La Comunità Risciola è iniziativa per recuperare grani antichi autoctoni dell'Irpinia attraverso coltivazione sostenibile e filiera corta costruendo rete agricoltori locali che preservano varietà tradizionali a rischio estinzione. Questi grani antichi hanno rese inferiori rispetto a varietà moderne selezionate geneticamente per massima produttività quindi agricoltori li abbandonano preferendo cultivar commerciali che generano più reddito per ettaro. Però le varietà tradizionali possiedono qualità nutrizionali superiori con più proteine, minerali e fibre oltre a resistenza naturale a parassiti sviluppata adattandosi durante secoli a territori specifici senza necessitare pesticidi chimici che moderne richiedono essendo geneticamente uniformi quindi vulnerabili. La filiera corta territoriale riduce emissioni trasporti supportando economia rurale irpina evitando abbandono terre montane marginali non competitive con agricoltura intensiva pianure ma preziose per biodiversità e presidio idrogeologico che boschi abbandonati non garantiscono. Il progetto è raccontato attraverso servizi TV locali RAI e contenuti media che comunicano valori sostenibilità e recupero tradizioni agricole che modernizzazione aveva cancellato standardizzando produzioni.

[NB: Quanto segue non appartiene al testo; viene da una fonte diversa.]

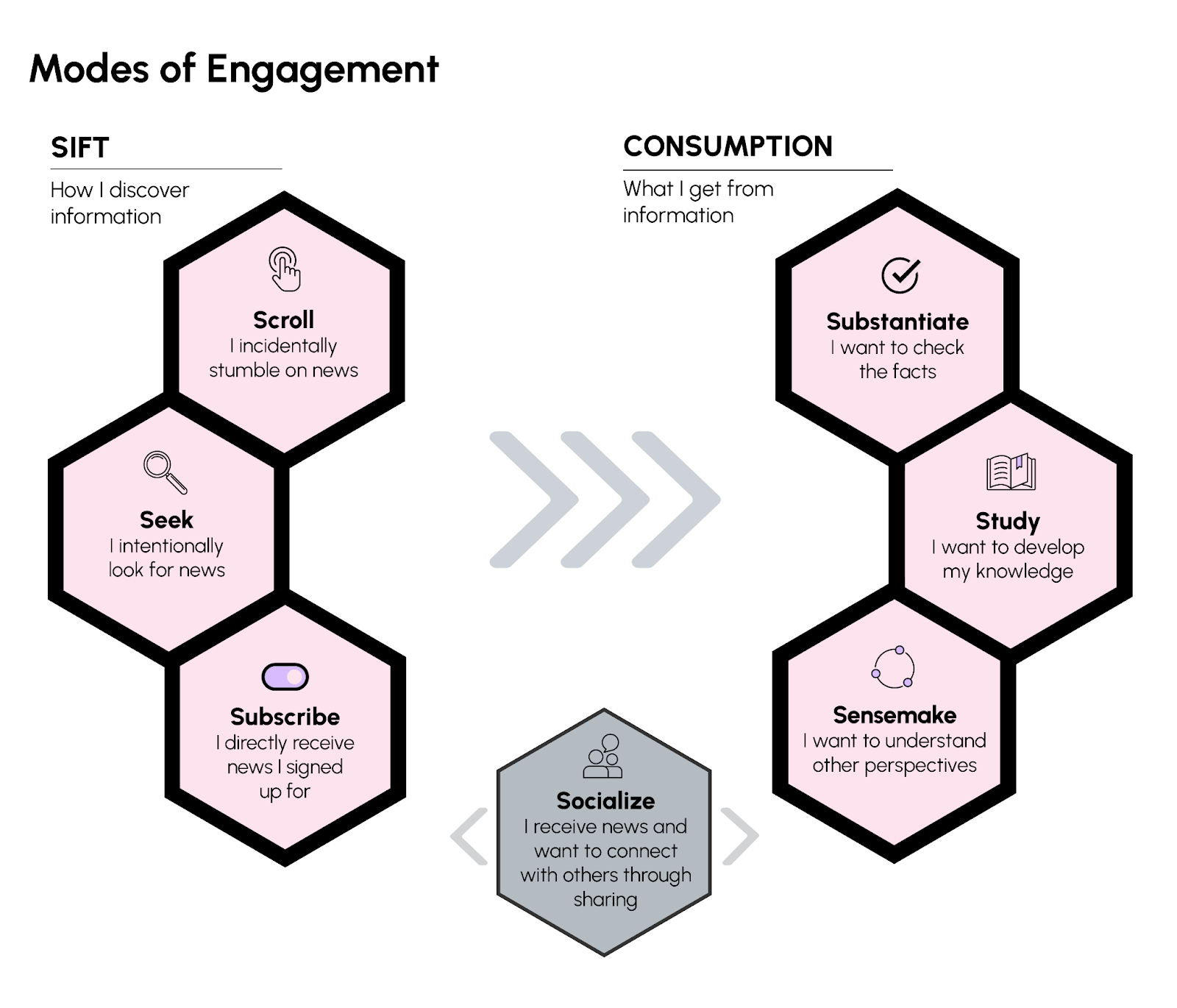 As younger and older readers alike face similar challenges when navigating the current information environment, we believe there is an opportunity to align with how most audiences encounter and consume news. Modes of Engagement is a way of attracting younger consumers without alienating traditional or older readers.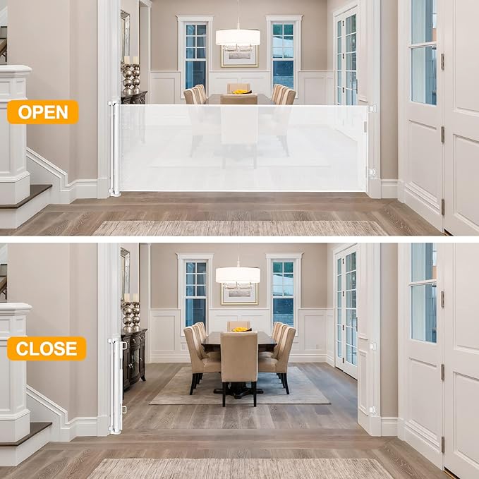 - Easy to Use for Adult : adults can open the extra wide retractable pet gate with one hand, while children cannot. The extra wide baby gate come with detailed installation instructions and is very easy to install.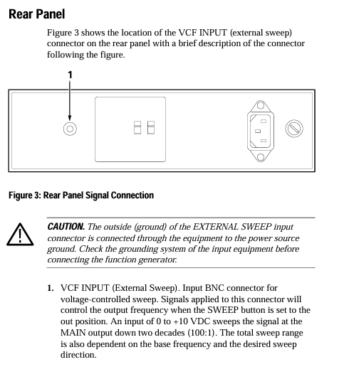 Interface limitation: The VCF INPUT input voltage of the rear panel can reach a maximum of ± 10 V ₚₖ. Exceeding this range may damage the internal circuit.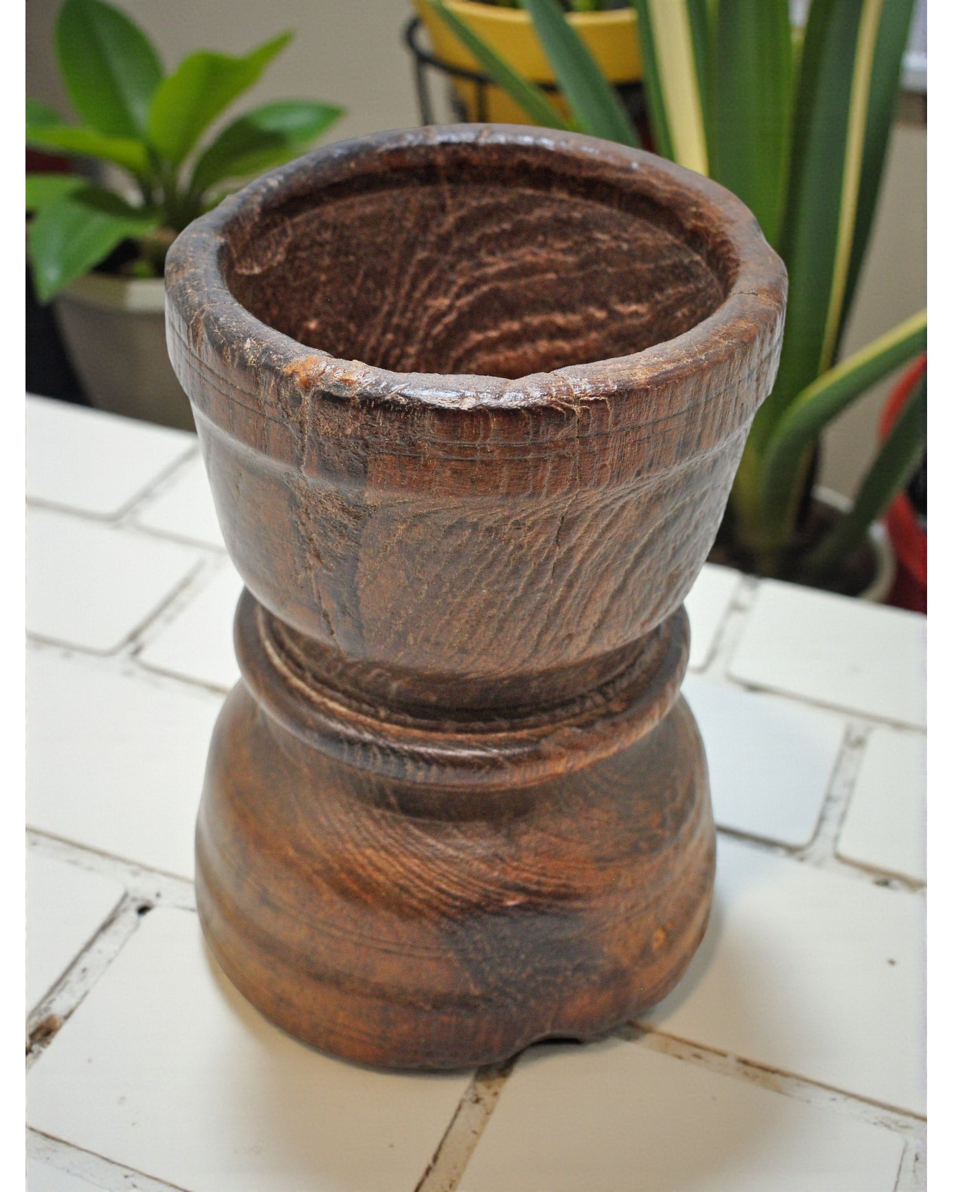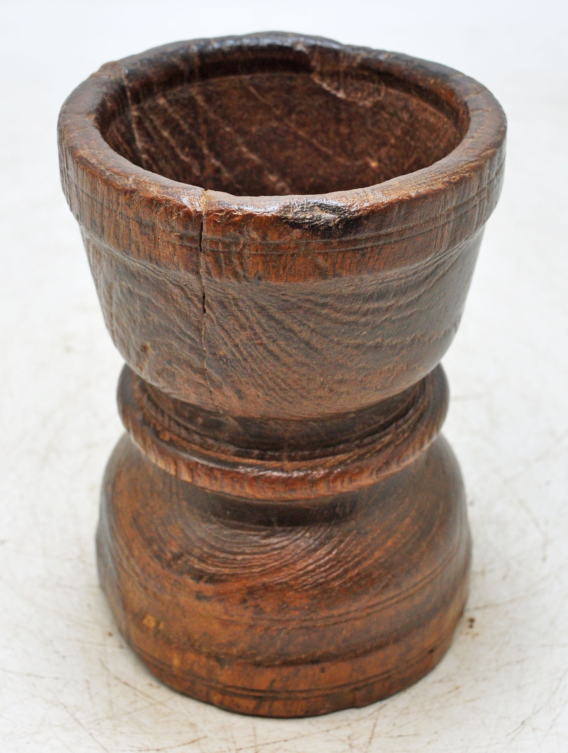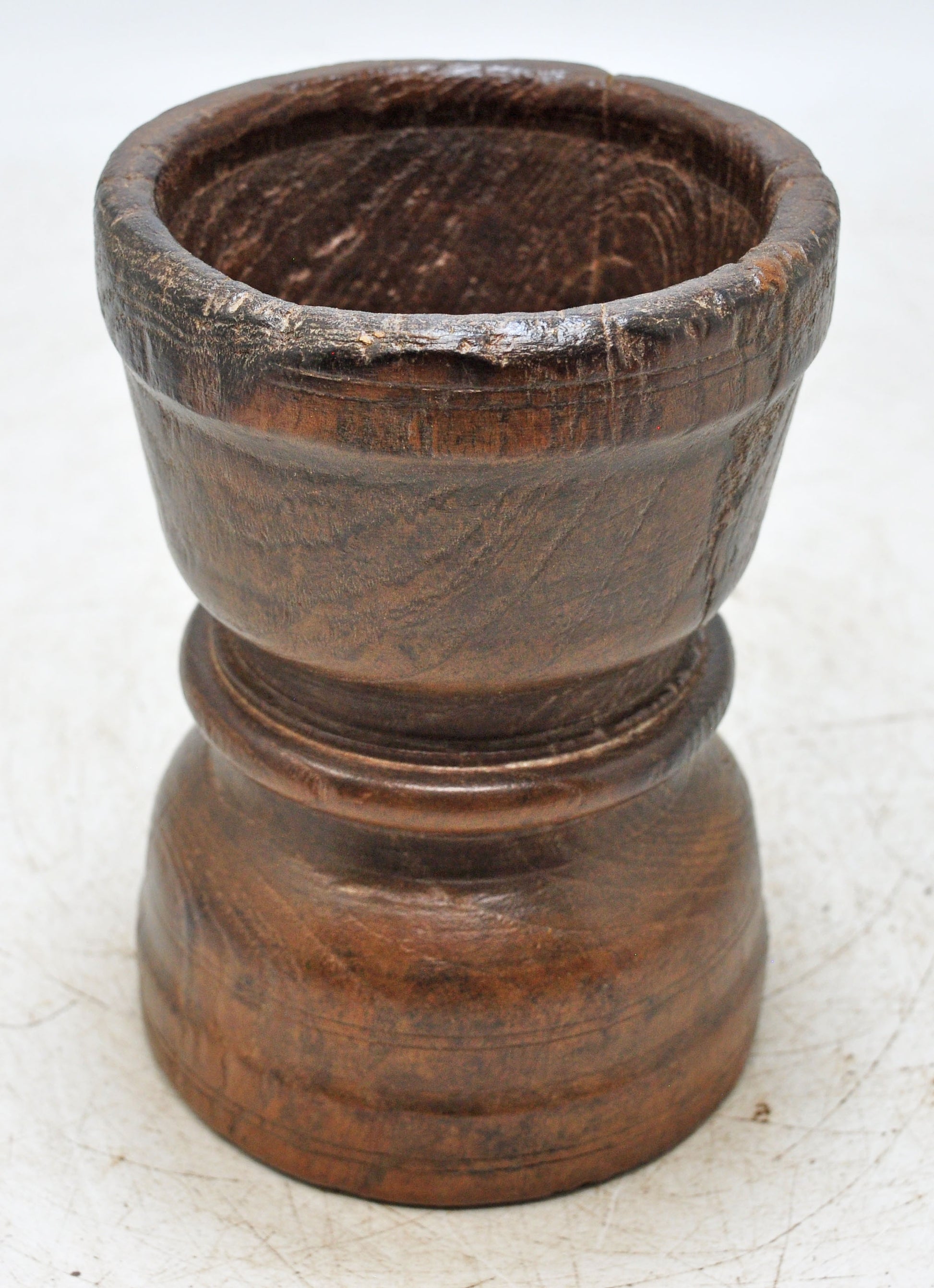 A charming old wooden spice grinding vessel, hand-sculpted with smooth curves and intricate surface details, displaying a rich, aged patina and preserved in very good condition, originating from India, this unique piece embodies centuries of skilled woodwork, practical functionality, and the enduring elegance of handcrafted culinary utensils treasured by collectors of antique household items.

Il Lievito Madre Essiccato va reidratato con acqua tiepida (circa 25-30 gradi) mescolando fino a completa dissoluzione prima di aggiungerlo all'impasto secondo proporzioni indicate sulla confezione che variano in base a tipo preparazione. I microrganismi essiccati in forma dormiente si riattivano quando idratati riprendendo attività fermentativa dopo 10-15 minuti invece di giorni necessari per avviare coltura da zero partendo da farina e acqua. Questo elimina necessità di mantenere coltura viva che richiede rinfreschi quotidiani con farina e acqua per nutrire batteri lattici e lieviti selvatici altrimenti morirebbero, impegno che panificatori professionisti dedicano ma famiglie normali non possono sostenere dovendo ricordarsi alimentare pasta madre anche quando non panificano. La lievitazione naturale richiede tempi più lunghi rispetto a lievito di birra chimico (6-12 ore contro 1-2 ore) ma sviluppa profondità aromatica e digeribilità superiore perché fermentazione prolungata pre-digerisce glutine e carboidrati complessi che altrimenti fermentano in colon causando gonfiore. Il pane con lievito madre si conserva più giorni mantenendo morbidezza mentre pane con lievito chimico raffermo dopo 24 ore perdendo palatabilità richiedendo consumo immediato o congelamento.

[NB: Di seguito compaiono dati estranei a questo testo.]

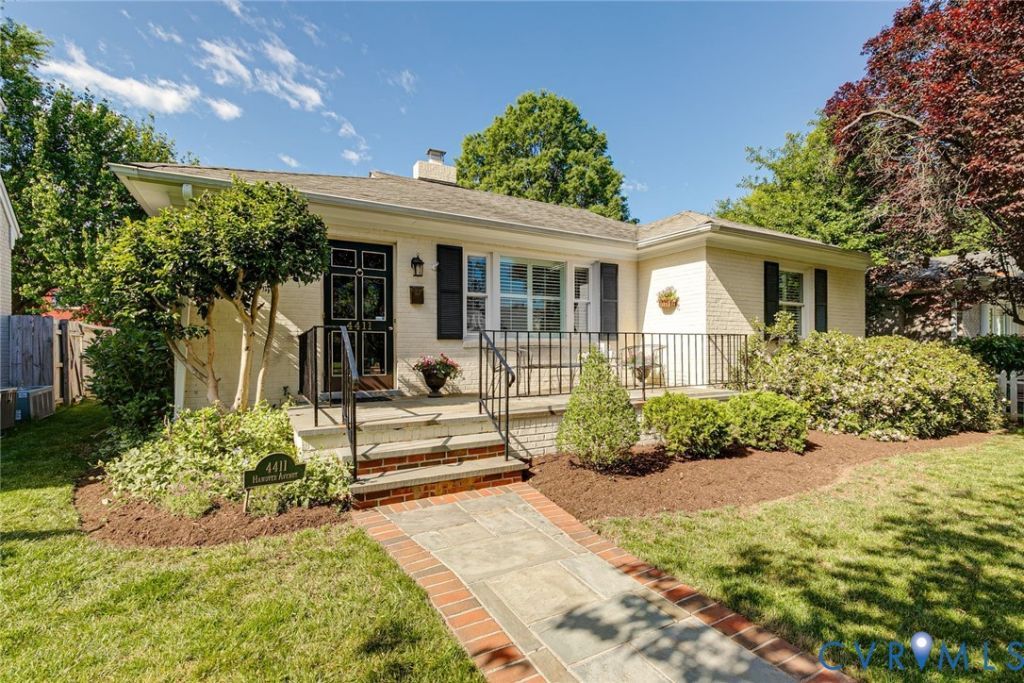 Ideally situated on the picturesque 4400 block of Hanover Avenue, this all-brick cottage offers effortless access to the Libbie and Grove corridor. This prime location places the best of the near west end-premier shops, restaurants, markets, and boutique gyms-just moments away. Further enhancing its appeal, the home is located blocks from Mary Munford Elementary in a truly vibrant neighborhood. A bluestone walkway leads to an elegant bluestone front porch, opening to an interior defined by a tranquil palette of soft blues and subtle neutrals. Gleaming oak floors and refined millwork are complemented by plantation shutters on every window. The living room features a fireplace and dual closets, connecting to a dining room with custom glass-front built-ins. Three well-proportioned bedrooms are served by a completely renovated full bathroom featuring classic finishes. The kitchen was fully renovated in 2017 with oak flooring, custom cabinetry, handmade subway tile, and granite countertops. Designed for the discerning cook, it features gas cooking, a counter-depth refrigerator, and efficient pull-out storage. Just beyond, a step-down laundry and mudroom provides substantial storage and a convenient powder room. The sunroom serves as a versatile study or retreat, opening to the rear garden and a charming screened porch that serves as an essential seasonal living room. The fully fenced backyard is wonderfully private and designed for entertaining, featuring brick patios set beneath a rustic pergola and surrounded by mature plantings and trees. The detached garage is equipped with electricity, offering valuable storage or workshop space with the potential to be returned to its original use. Recent mechanical improvements include a new heat pump and a tankless hot water system for modern efficiency. With its fresh interior and premier location, this is an inviting, move-in ready home in the heart of one of the city's most beloved neighborhoods.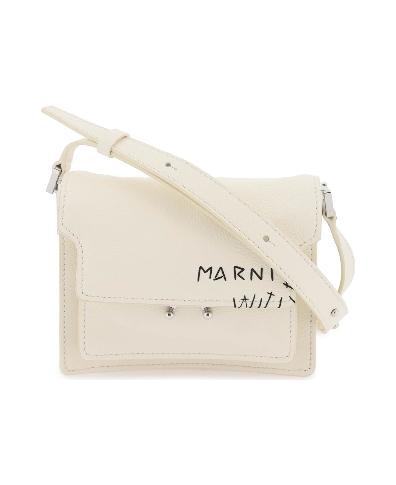 The Marni Trunk Soft mini shoulder bag is made of hammered leather with an adjustable strap and a snap closure flap. It features a back slit pocket, three compartments, one internal zip pocket, and a flat pocket with logo patch on the fabric lining. The flap is embellished with embroidered logo lettering. Metallic accessories have a silver finish. Composition: 100% calf leather

Sì, la Farina di Riso è naturalmente priva di glutine quindi adatta a celiaci che non possono consumare frumento, orzo, segale, farro contenenti questa proteina che scatena reazioni autoimmuni danneggiando villi intestinali. Però essendo senza glutine manca rete proteica che intrappola gas prodotti da lieviti dando struttura elastica agli impasti quindi va miscelata con altri ingredienti leganti come gomma xantana, gomma guar o fecola patate che replicano parzialmente funzione glutine. La lavorazione separata in impianti dedicati o linee pulite accuratamente previene contaminazioni crociate con farine glutinose che anche in tracce minime (pochi milligrammi) causano reazioni sintomatiche in soggetti sensibili richiedendo certificazioni gluten-free verificanti assenza sotto 20 ppm. Le ricette specifiche per farine senza glutine richiedono proporzioni liquidi diverse perché assorbimento acqua varia rispetto a farine frumento e tempi lievitazione si allungano non avendo struttura glutinica che trattiene gas efficacemente, adattamenti che packaging Lo Conte indica guidando utilizzo per risultati ottimali. La celiachia colpisce circa 1% popolazione ma molti più soffrono sensibilità glutine non celiaca manifestando sintomi gastrointestinali senza danno intestinale autoimmune beneficiando comunque da diete senza glutine che riducono infiammazione cronica.